The Spearman rank-order correlation coefficient (shortened to Spearman’s rank correlation in Stata) is a nonparametric test which measures the strength and direction of association between two variables that are measured on an ordinal or continuous scale. The Spearman correlation coefficient is often denoted by the symbol rs (or the Greek letter ρ, pronounced rho). It is a useful test when Pearson's correlation cannot be run due to violations of normality, a non-linear relationship or when ordinal variables are being used.

For example, you could use a Spearman's correlation to understand whether there is an association between high jump performance and time spent training (i.e., your two variables would be "high jump performance", measured in height jumped, and "time spent training", measured in hours per week). If there was a moderate, positive association, we could say that more time spent training was associated with better high jump performance. Alternately, you could use a Spearman's correlation to understand whether there is an association between length of unemployment and health (i.e., your two variables would be "length of unemployment", measured in days, and "health", measured using a continuous scale). If there was a strong, negative association, we could say that the longer the length of unemployment, the lower the level of health.
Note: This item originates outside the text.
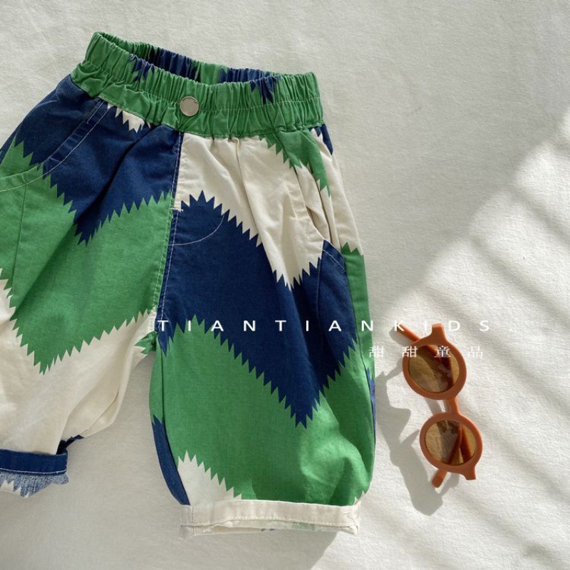 男の子の洋風の色合わせのカジュアルなズボンの子供2022夏の新しい女性の赤ちゃんの通気性の薄いタイプの綿布のズボンの5分のズボン

In this guide, we show you how to carry out a Spearman's correlation using Stata, as well as interpret and report the results from this test. However, before we introduce you to this procedure, you need to understand the different assumptions that your data must meet in order for a Spearman's correlation to give you a valid result. We discuss these assumptions next.

Stata

Assumptions

There are two assumptions that underpin a Spearman's correlation. If either of these two assumptions are not met, analysing your data using a Spearman's correlation might not lead to a valid result. Since assumption #1 relates to your choice of variables, it cannot be tested for using Stata. However, you should decide whether your study meets this assumption before moving on.

Fortunately, you can check assumption #2 using Stata. When moving on to assumption #2, do not be surprised if your data fails this assumption since this can happen when working with real-world data rather than textbook examples, which often only show you how to carry out a Spearman's correlation when everything goes well. However, don't worry because even when your data fails this assumption, there is often a solution to overcome this (e.g., transforming your data or using another statistical test instead). Just remember that if you do not check that you data meets this assumption or you do not test for it correctly, the results you get when running a Spearman's correlation might not be valid.

It is also worth noting that your variables do not need to be normally distributed to run a Spearman’s correlation. In addition, Spearman's correlation is not very sensitive to outliers (unusual observations in your data), so the presence of these data points does not automatically invalidate the results you get from running a Spearman's correlation.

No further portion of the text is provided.